Rush hour traffic made for an interesting ride. Every twist and turn and push on the brake reverberated through my wife’s body. Every red light took impossibly long. Until I could finally see the hospital entrance. I wheeled up to the emergency room door, bounded around the car to get my wife out.

“I can’t get out.” She said. I stared at her for a minute. She was serious.

And then came the loudest deepest labor contraction. She screamed from her guts. I recognized that from our last child… that’s a PUSHING scream. I grabbed a wheel chair from in the door and came back again. “We’ve got to get you in, honey.”

“Okay, okay…” she said. I grabbed an arm. And she pushed off with her feet.

And birthed our sons head! No joke. She quickly got on her knees on the wheelchair and we rushed her in as fast as possible. We made it inside, up the elevator, and down the hall to the first triage room on the birthing floor. And once she was on the bed it took one push and he was out.

Alive and healthy and out. The time? 8:05… 19 minutes from when we left our house including the 15 minute drive.

The suffering had birthed the beauty of our son.

So dear reader, press in. Dig deeper. Stop letting stuff sit so long in your heart. Who’s knows what glorious birth awaits you on the other side.


  • Hi Sam. Well, it is no longer the hour of the wolf (probably more like the hour of the domesticated beagle), but I am up and reading this great piece. I appreciate you drawing me close to all the ways I can’t get out. My contemplative/interior life has taken a hit in the past few years, and it is more than time for me to press in. What other choice do I have, really? Thank you – and your writing just gets more delicious every time.

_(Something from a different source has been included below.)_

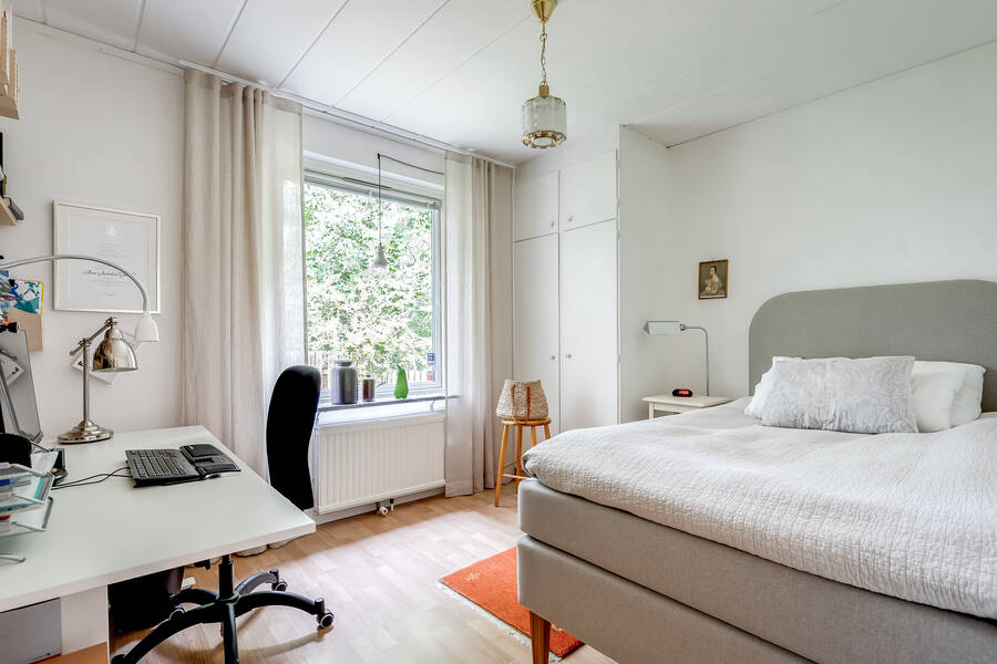Det mindre sovrummet passar lika bra som barnrum, gästrum eller hemmakontor. Fönstret vetter mot norr vilket gör rummet svalt och skönt.

  • Once again, a full meal put before me with your words. There is no shaming to EAT! Rather your words say “You’re not alone; what looks good to you? I’d like to try some.” Boy am I glad we don’t have to go this alone, and glad as well that you are one of the companions/guides on my journey.

  • Oh… just what the Lord has been speaking to me this week… these words are good and true and encouraging and, well, so challenging. And…by the way, Iove hearing the story! Thanks Sam!

  • Sam-the best words here for my heart….

    There are only two ways to keep your heart alive: Make your heart really small through denial or drugs or numbness. Or let your suffering undo you and lead you to really honest conversations with God.

    I’ve chosen each in different seasons. The later brought me life.